AMD Instinct MI300 Data Center APU Pictured Up Close: 13 Chiplets, 146 Billion Transistors

AMD unveiled its next-generation Instinct MI300 accelerator at CES 2023. We were lucky enough to get some hands-on time and take some close-up images of the mammoth chip.
Without a doubt, the Instinct MI300 is a groundbreaking design. The data center APU blends a total of 13 chiplets, many of which are 3D stacked to create a chip with 24 Zen 4 CPU cores fused with CDNA 3 graphics. 8 stacks of engines and HBM3. All in all, this chip features his 146 billion transistors, making it the largest chip AMD has put into production.
The MI300 has a total transistor count of 146 billion, easily beating Intel’s 100 billion transistor Ponte Vecchio combined with 128 GB of HBM3 memory. The stripped chip is very difficult to photograph given its shiny appearance, but you can clearly see his eight stacks of HBM3 flanking the center die. A small sliver of structural silicon is placed between these HBM stacks to ensure stability when the cooling solution is torqued onto the package.
The computing portion of the chip is made up of nine 5nm chiplets which are either CPU or GPU cores but AMD has not provided details on how many of each will be used. Zen 4 cores will typically roll out as an 8-core die, so we can consider 3 CPU dies and 6 GPU dies. The GPU die uses AMD’s CDNA 3 architecture. This is his third revision of AMD’s data center-specific graphics architecture. AMD did not specify his CU count.
These nine dies are 3D stacked on top of four 6nm-based dies that are more than just passive interposers. These dies are said to be active and handle I/O and various other functions. An AMD rep showed us another MI300 sample of his. In this sample, the top die was sanded with a belt sander, revealing four active interposer dies underneath. There, a memory controller that interfaces with the HBM3 stack, as well as communication between I/O tiles. This second sample of his could not be filmed.
The 3D design enables incredible data throughput between the CPU, GPU, and memory dies while also allowing the CPU and GPU to operate on the same data in memory simultaneously (zero-copy), saving power and improving performance. improves and simplifies programming. It will be interesting to see if this device can be used without standard his DRAM as seen with Intel’s Xeon Max CPU which employs on-package HBM.
AMD officials were baffled by the details. So it’s not clear if AMD will use the standard TSV approach to fuse the top and bottom dies, or a more advanced hybrid bonding approach.

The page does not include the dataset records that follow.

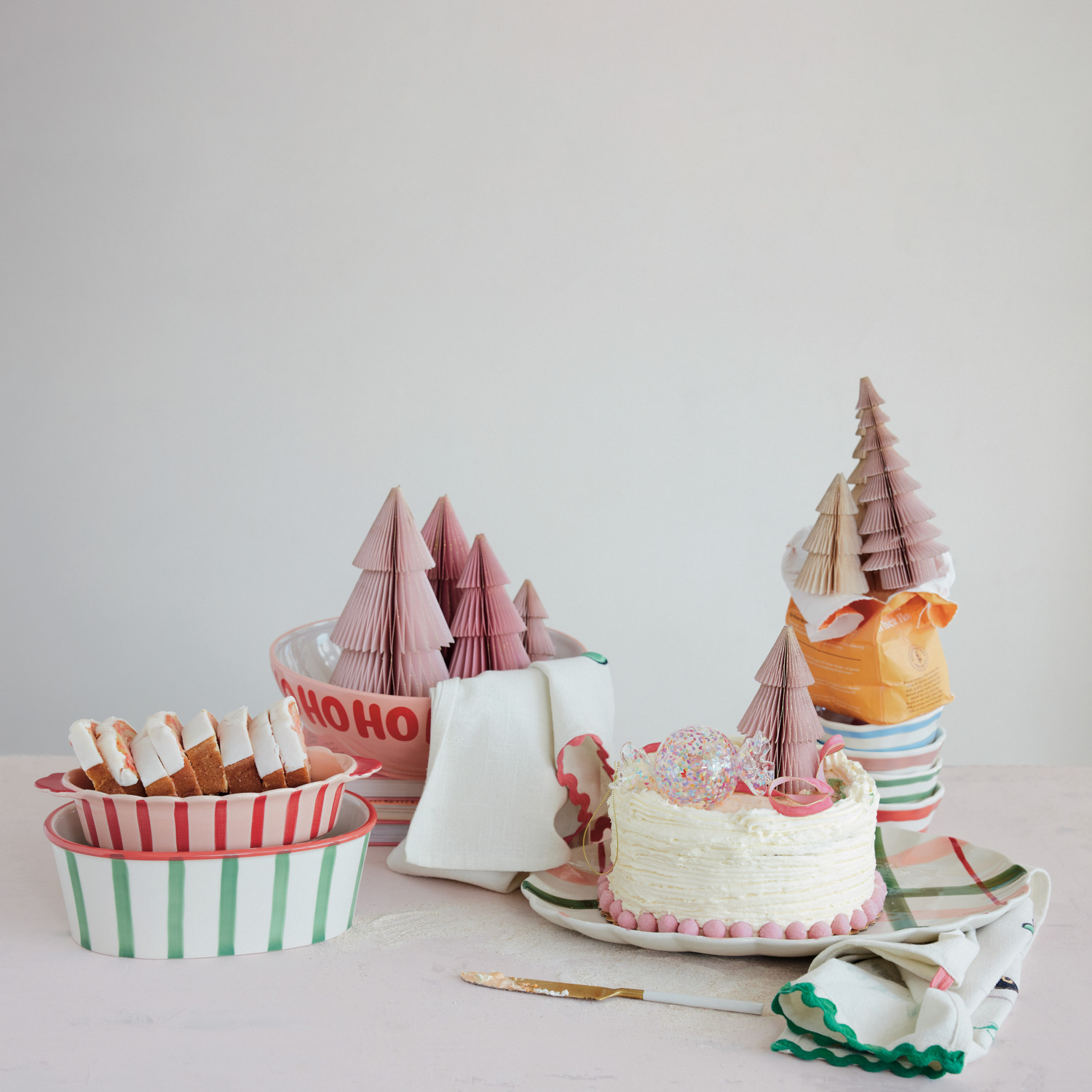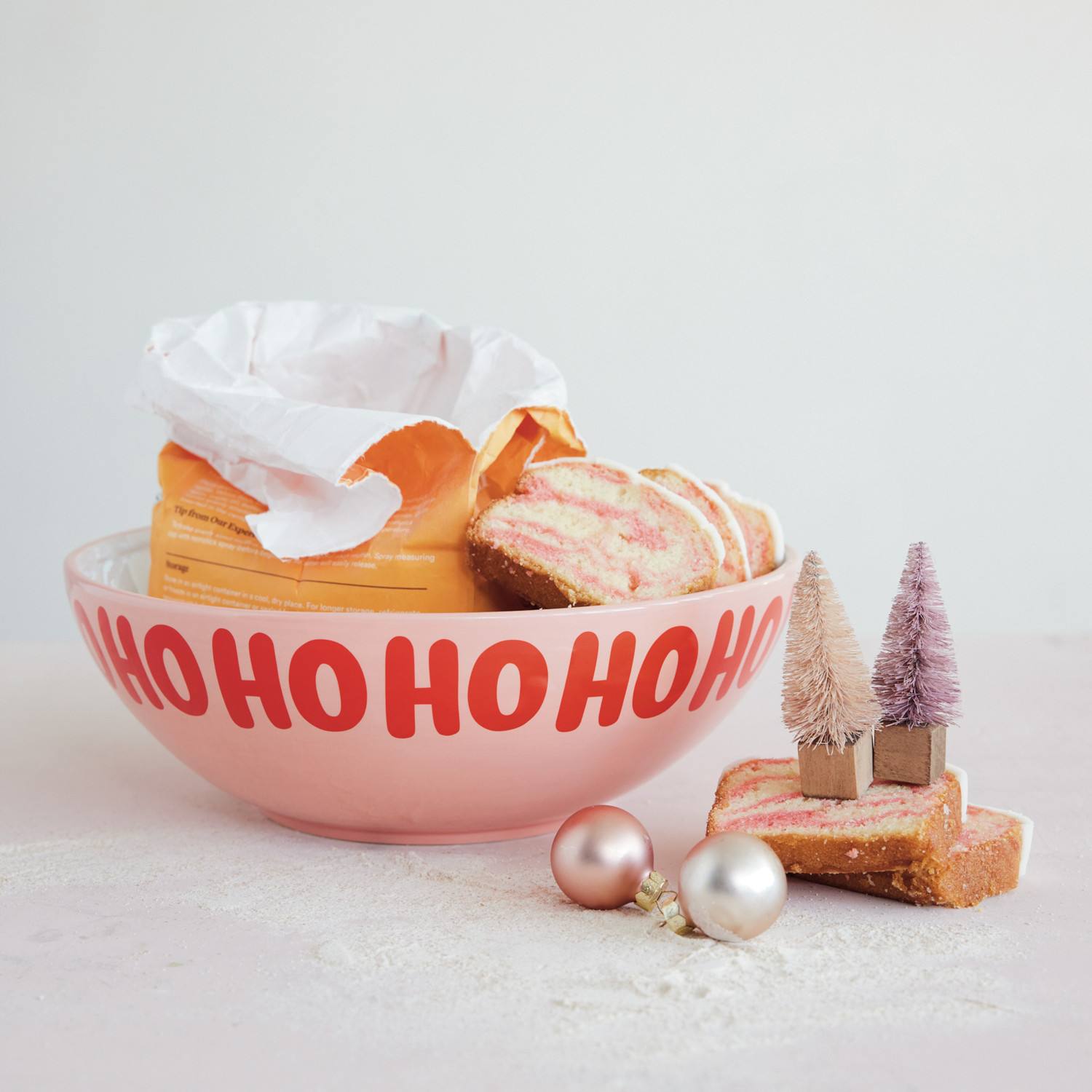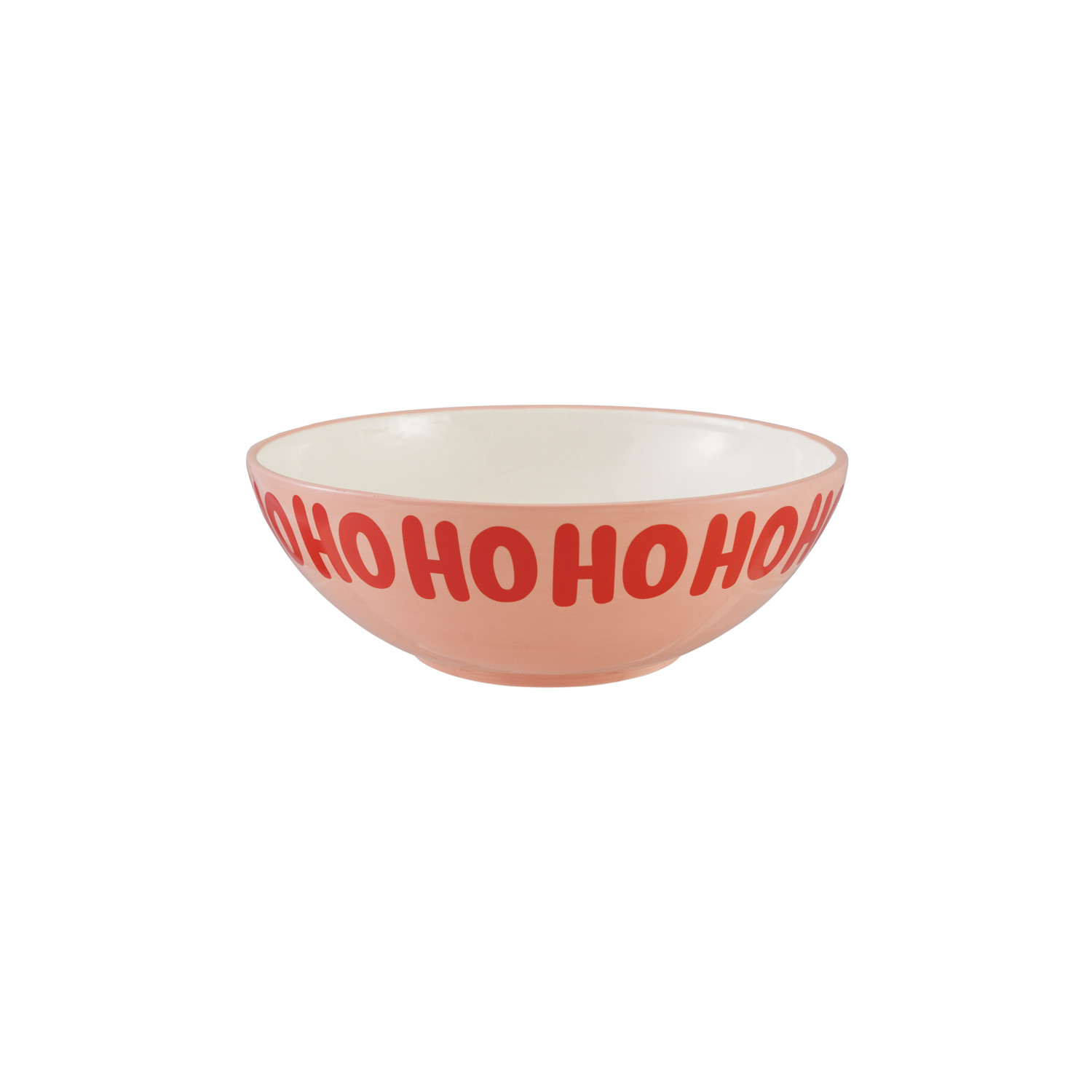 Ceramic Serving Bowl "Ho Ho Ho…", Pink, Red & White
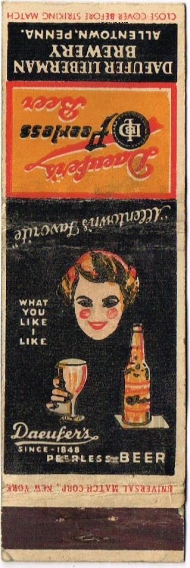 Daeufer's Peerless Beer Dupe Matchcover Item #112819
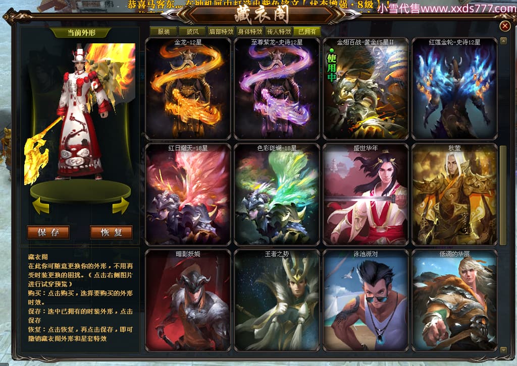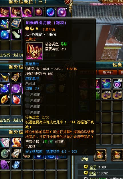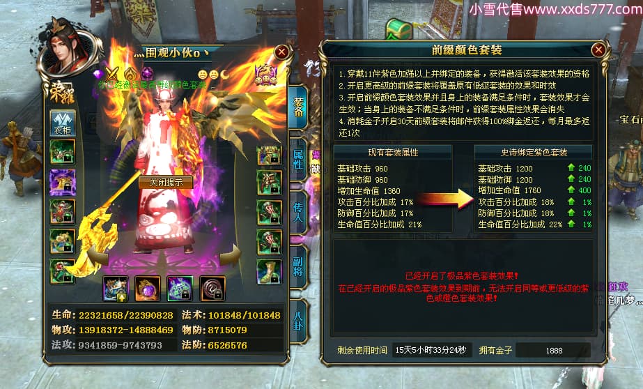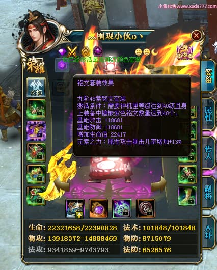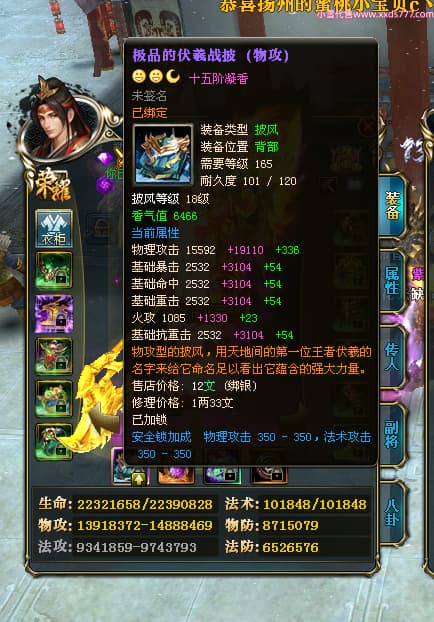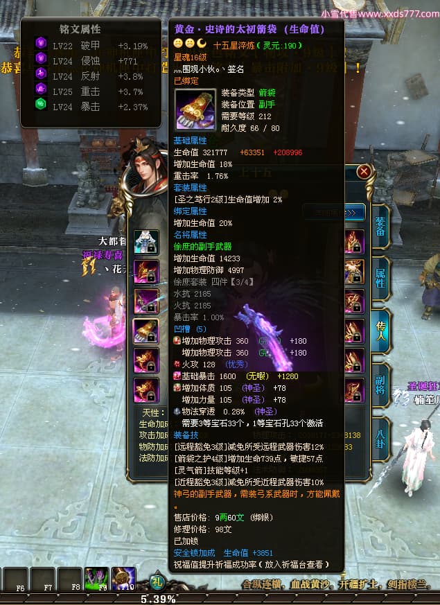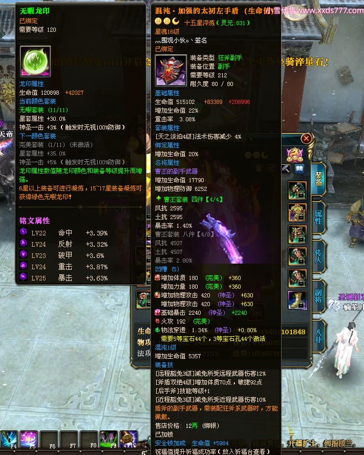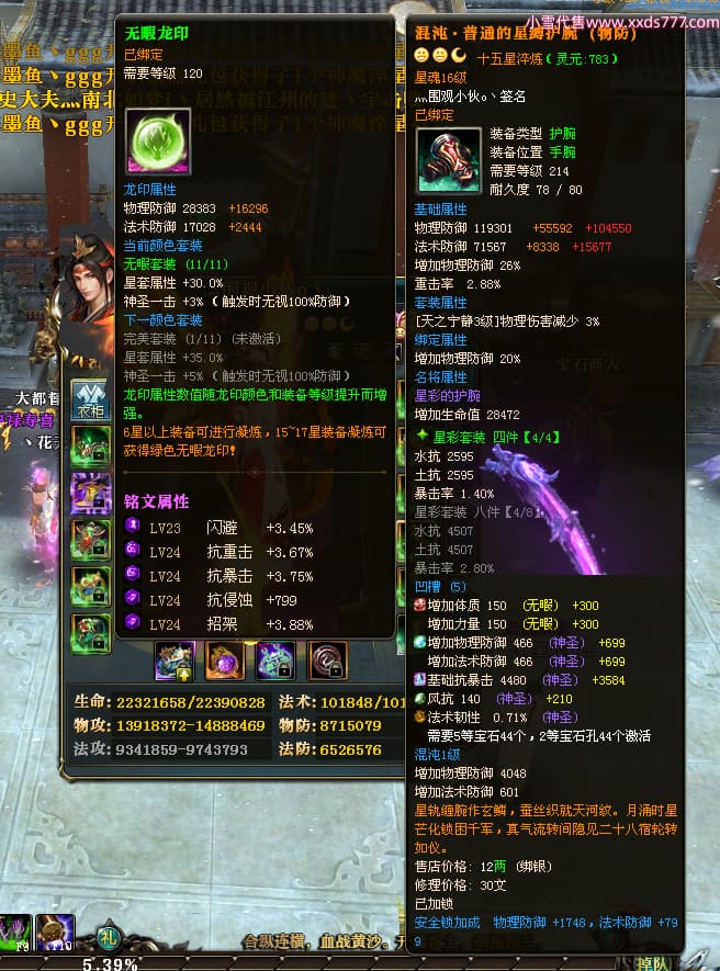 编号T24108 灬围观小伙o丶 龙腾问鼎 青州 本国排名8名 21110W战力 人物黄金普通橙15X(1件18X7件混沌) 传人极品紫12X 副将精良紫12X 马普通橙13X(双潜能50级34级) 极品紫15披风 人物星魂16级 传人星魂13级 副将星魂6级 马星魂16级 人物铭刻1件16级其余15级 人物点亮16星 马铭刻13级 点亮14星 人物绿龙印(1件紫龙印) 马黄龙印 六等单双属性完美无暇神圣石头 黄绿孔 已开完永久15星套 可以转移百分百安全
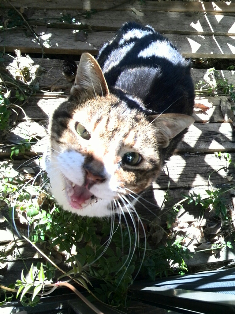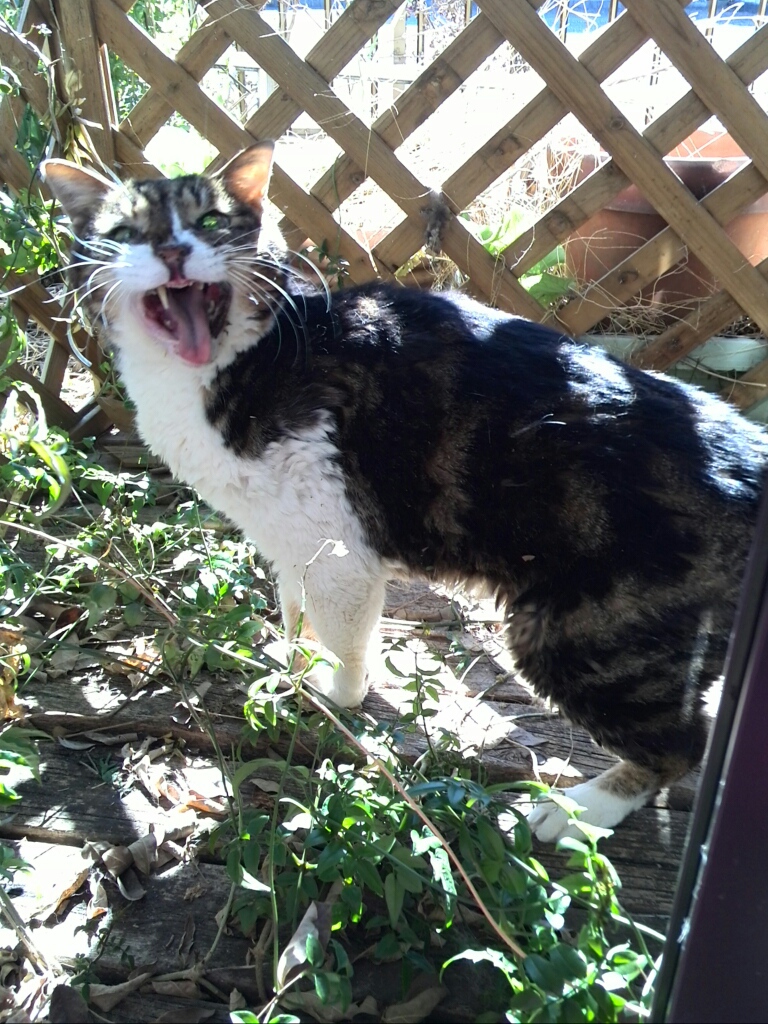 大きな体での雄叫びは猫でないような声で、ハラハラしながら見守っています。
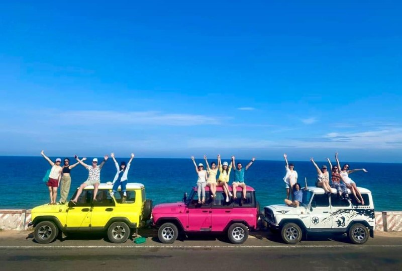 – Tạo dáng ngồi trên những chiếc xe Jeep màu sắc nổi bật bên cung đường biển cuốn hút.
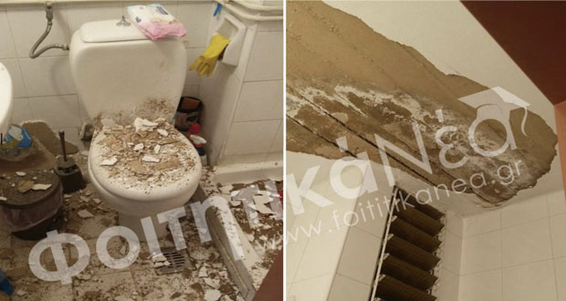 Αίσθηση έχει προκαλέσει στον φοιτητικό κόσμο στα Ιωάννινα περιστατικό που συνέβη στο στην φοιτητική εστία της πόλης, όταν μια κοπέλα την ώρα που έκανε μπάνιο, είδε το ταβάνι της τουαλέτας να πέφτει στο πάτωμα
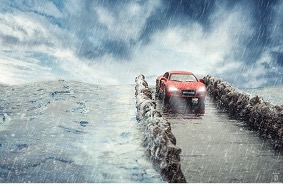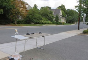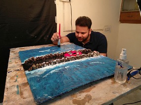 Zowat alle elementen van de foto zijn zelf gemaakt; met uitzondering van de auto. Op de rechterkant zie je de spraybus staan om de regen te simuleren.

AMD is said to share more details about the packaging soon.
AMD claims the MI300 offers 8x more AI performance and 5x more performance per watt than the Instinct MI250 (measured at FP8 for sparsity). AMD also says it can reduce training time for ultra-large AI models such as ChatGPT and DALL-E from months to weeks, saving millions of dollars in power.
The current generation Instinct MI250 powers the world’s first exascale machine, the Frontier supercomputer, while the Instinct MI300 powers the upcoming 2 exaflop El Capitan supercomputer. AMD says these Halo MI300 chips are expensive and relatively rare. These are not mass-produced products, so they will not be widely deployed like the EPYC Genoa data center CPUs. However, this technology filters multiple variants in different form factors.
The chip also competes with Nvidia’s Grace Hopper Superchip. This is a combination of Hopper GPU and Grace CPU on the same board. These chips are expected to arrive later this year. The Neoverse-based Grace CPU supports the Arm v9 instruction set, and the system comes with two of his chips fused with Nvidia’s newly branded NVLink-C2C interconnect technology. AMD’s approach is designed to provide superior throughput and energy efficiency. This is because combining these devices into one package of his typically results in higher throughput between the units than connecting two separate devices.
The MI300 also competes with Intel’s Falcon Shores. The chip features a dizzying number of possible configurations with varying numbers of compute tiles with x86 cores, GPU cores and memory, but they aren’t expected to arrive until 2024.
Here you can see the bottom of the MI300 package with the contact pads used for the LGA mounting system. AMD has not shared details of the socket mechanism, but will reveal more soon. The chip is currently in AMD’s labs and the company plans to ship his Instinct MI300 in late 2023. The supercomputer will be the world’s fastest supercomputer when deployed in 2023. Currently on schedule.